As you can see from the above example, if too many parameters are entered, all the other parameters pass through the *arg, passing to the parameter (variable) arg in the form of tuples. Notice that I'm using an obscure term here: parameter (variable), which means that arg is an argument at the head of a function before the data is passed in, and a variable when it's used in a function statement. That is, in many cases, the parameters and variables in the function are not so much to distinguish between the true, as to know the object is through what channels, that thing to what target.

To make args more visible (the names can be different, but the symbols must be there), use the following simple function to demonstrate:

>>> def foo(*args):

...     print args      # Print the object from this parameter 

... 

>>> # The following demonstration passes in different values separately, through the parameter *args The result 
>>> foo(1,2,3)

(1, 2, 3)
>>> foo("qiwsir","qiwsir.github.io","python")

('qiwsir', 'qiwsir.github.io', 'python')
>>> foo("qiwsir",307,["qiwsir",2],{"name":"qiwsir","lang":"python"})

('qiwsir', 307, ['qiwsir', 2], {'lang': 'python', 'name': 'qiwsir'})

  Whatever it is, it's stuffed into a tuple.

In addition to receiving multiple values with *args, you can also receive values with **kargs, but this time it's a little different:

>>> def foo(**kargs):

...     print kargs

...

>>> foo(a=1,b=2,c=3)    # Notice how the assignment is done and the result is printed 

{'a': 1, 'c': 3, 'b': 2}

  What happens if I use foo(1,2,3) again?

>>> foo(1,2,3)

Traceback (most recent call last):

  File "<stdin>", line 1, in <module>

TypeError: foo() takes exactly 0 arguments (3 given)

  To see here may think, is not uncertainty?

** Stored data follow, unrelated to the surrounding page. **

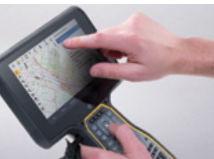
7" multi-touch screen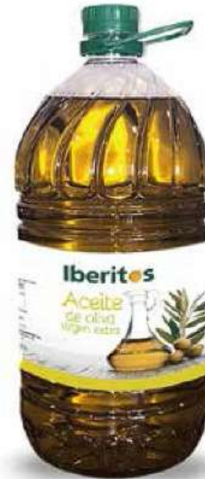
Aceite de oliva virgen extra 5 l /Extra virgin olive oil 5 l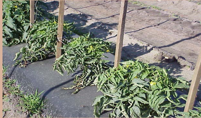
Figure 6. TYLC symptoms on tomatoes in central Florida.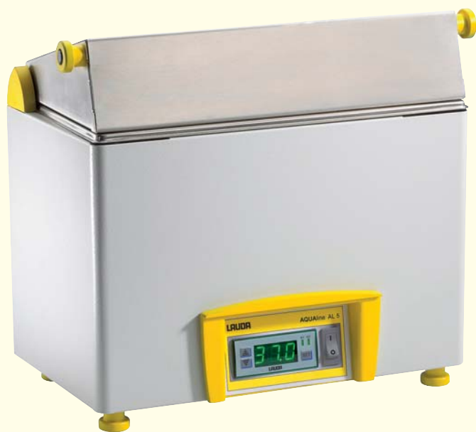
AL 5 water bath

the number of samples per bath is maximised. Above all, the LAUDA Aqualine is orientated towards the requirements of biological, medical and biochemical laboratories. A superbly innovative heating concept ensures minimum temperature variations in the baths even with large sample quantities.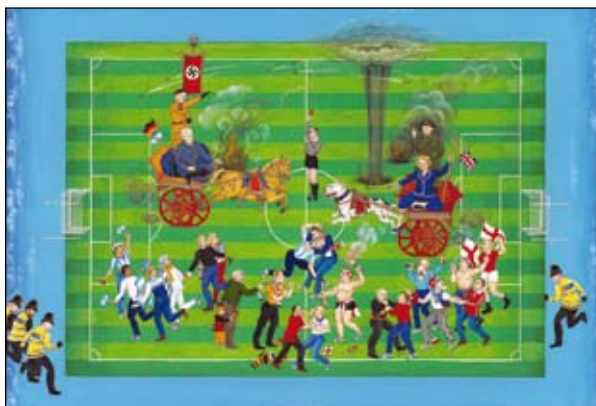
In Action Replay , 2002 © The Singh Twins ( www.singhtwins.co.uk )

Alongside some of their better known paintings the exhibition will feature two short films produced and directed by the twins. These films demonstrate a new development in their work, exploring their creative ideas and British Asian Sikh identity through the world of moving imagery.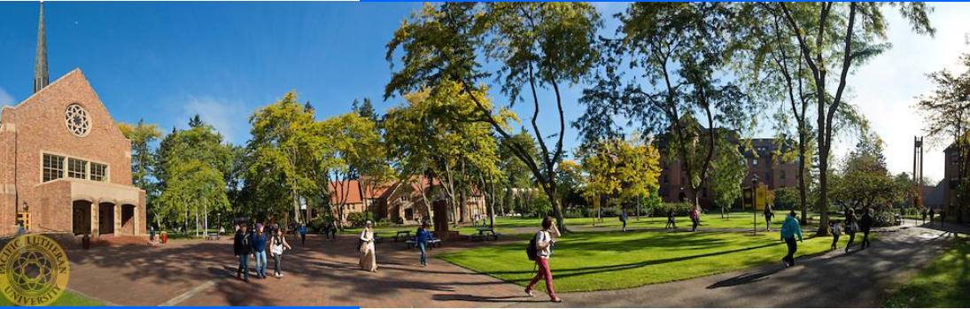
PACIFIC LUTHERAN UNIVERSITY

“Leadership is within everyone, it is for everyone, and by engaging with students you are simultaneously enhancing your own self-growth and development during college.”

I don't know exactly how the parameters will be passed. That's easy to do.

>>> def foo(x,y,z,*args,**kargs):

...     print x   

...     print y

...     print z

...     print args

...     print kargs        

... 

>>> foo('qiwsir',2,"python")

qiwsir

2

python

()

{}

>>> foo(1,2,3,4,5)

1

2

3

(4, 5)

{}

>>> foo(1,2,3,4,5,name="qiwsir")

1

2

3

(4, 5)

{'name': 'qiwsir'}

  That's good, and it's good enough to handle all kinds of parameter requirements.